Collabora anche con la Feralpisalò il 51enne di Pontevico che è risultato positivo al coronavirus (tra l'altro il primo bresciano): lo riferisce la società in una nota, in cui si specifica “che la persona in questione è un educatore che si allena a Brescia e che non risulta assolutamente abbia avuto contatti con il gruppo della prima squadra o addetti allo stadio”. E ancora: “I soggetti che sono venuti a contatto sono già stati controllati e monitorati da Ats Brescia. Il caso in oggetto inoltre sta già bene e risulta del tutto asintomatico”.

La buona notizia, dunque, è che il 51enne non ha più sintomi, in attesa degli esiti dei prossimi esami microbiologici che dovrebbero confermare la sua “negativizzazione” (e quindi la sua guarigione). L'uomo lavora per la cooperativa Il Gabbiano, che si occupa in particolare di ragazzi disabili. Li segue anche nel corso degli allenamenti con la squadra della Feralpisalò di Quinta Categoria, il campionato dei disabili.

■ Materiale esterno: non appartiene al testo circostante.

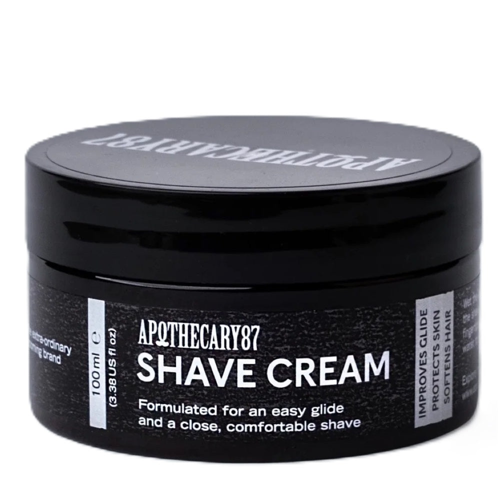Apothecary87 Scheercrème is ontwikkeld om je dagelijkse scheerroutine comfortabeler en effectiever te maken. De formule bevat myristinezuur en stearinezuur, die samen zorgen voor een rijk, romig schuim en een beschermende barrière tussen huid en mes, wat helpt om irritatie te voorkomen. Plantaardige glycerine zorgt voor extra gladheid, waardoor het scheermes soepel over de huid beweegt en je moeiteloos een glad resultaat behaalt. Kokosnootextractwerkt verzachtend en maakt de haren zachter voor een prettigere scheerbeurt. Vitamine E helpt de huid gehydrateerd te houden en beschermt tegen roodheid en scheerbultjes. Deze scheercrème biedt alles wat je nodig hebt voor een gladde huid en een verzorgde uitstraling, elke dag weer.

Il comunicato della società

Da qui la specifica della società: “La situazione è sotto controllo e gestita secondo i protocolli sanitari divulgati dal Ministero della Salute. Il singolo caso è attualmente asintomatico e sotto osservazione del personale Ats, che ha provveduto a controllare chiunque potesse esserne venuto a contatto. Non risultano altri casi sintomatici. Il club ha diramato un ordine di servizio interno seguendo le istruzioni del regolamento sulla prevenzione imposte dal Gruppo, e sta monitorando la situazione sulla base delle disposizioni che il Governo, la Regione e le istituzioni sportive stanno attuando per far fronte all'emergenza”.